RIYL: Tame Impala, Grizzly Bear, Animal Collective


EARTHGANG, the Atlanta-based rap duo, shared “AMERICAN HORROR STORY,” the first single from their sophomore project “Ghetto Gods.” The duo trace the carnage of the Black American experience from the first slave ship to gentrification. They make room for light-hearted boasting, but there’s an overarching theme of anxiety at the heart of the track that’s summarized on the hook.

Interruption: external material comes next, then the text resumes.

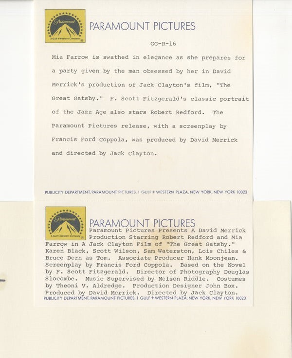 The Great Gatsby Mia Farrow 1920's Glamorous Flapper Original 8x10 Photo with Snipe 1974 Near Mint Condition This item is an ORIGINAL 8x10 photo from the historic archives of Silver Screen Mementos. This original photograph was made in the actual year the film, television show or event was produced. The movie studios produced publicity photographs for distribution to the press, photo agencies and publicity departments to advertise the film/tv show or event. Very often original photos have press release information on the reverse of the photo - movie credits, description of the scene, event and people involved. This is a historic piece of cinema art and is being offered from one collector to another, no rights given or implied. Silver Screen are gradually releasing thousands of Original Photographs, Transparencies, Negatives, Lobby Cards, Posters, Magazines and other memorabilia from our historic archive.

RIYL: JID, Smino, Spillage Village

11. “Guillotine,” Pi’erre Bourne (2019)

Pi’erre Bourne is best known for producing rap tracks and for his work with Playboi Carti. “Guillotine” comes from one of Bourne’s solo albums, “The Life of Pi’erre 4.” Despite the apparent simplicity of the track, the vocals are layered with complexity proving Bourne to be just as talented a rapper as he is a producer. 

RIYL: Playboi Carti, Yung Nudy, UnoTheActivist

12. “Earth,” Mac Miller, Future (2013)

“Earth,” was a track originally cut from Mac Miller’s sophomore album “Watching Movies with The Sound Off,” but later released alongside live recordings entitled “Live From Space.” The R&B song pays homage to the women keeping rappers grounded throughout their career and features a rare instance of Future singing over a soul beat, rather than synths, autotune or booming 808 drums. 

RIYL: Kid Cudi, Pusha T, ScHoolboy Q

13. “Footsteps in the Dark, Pts. 1 & 2,” Isley Brothers (1977)

“Footsteps in the Dark” has been sampled by countless popular songs, such as “It Was A Good Day” by Ice Cube or “Them Changes” by Thundercat. The signature track was originally meant for gloomy sets but has become an essential beat for slow jam ballads. The poetic lyrics provide an introspective experience for the listener, and can be enjoyed at any time of the day.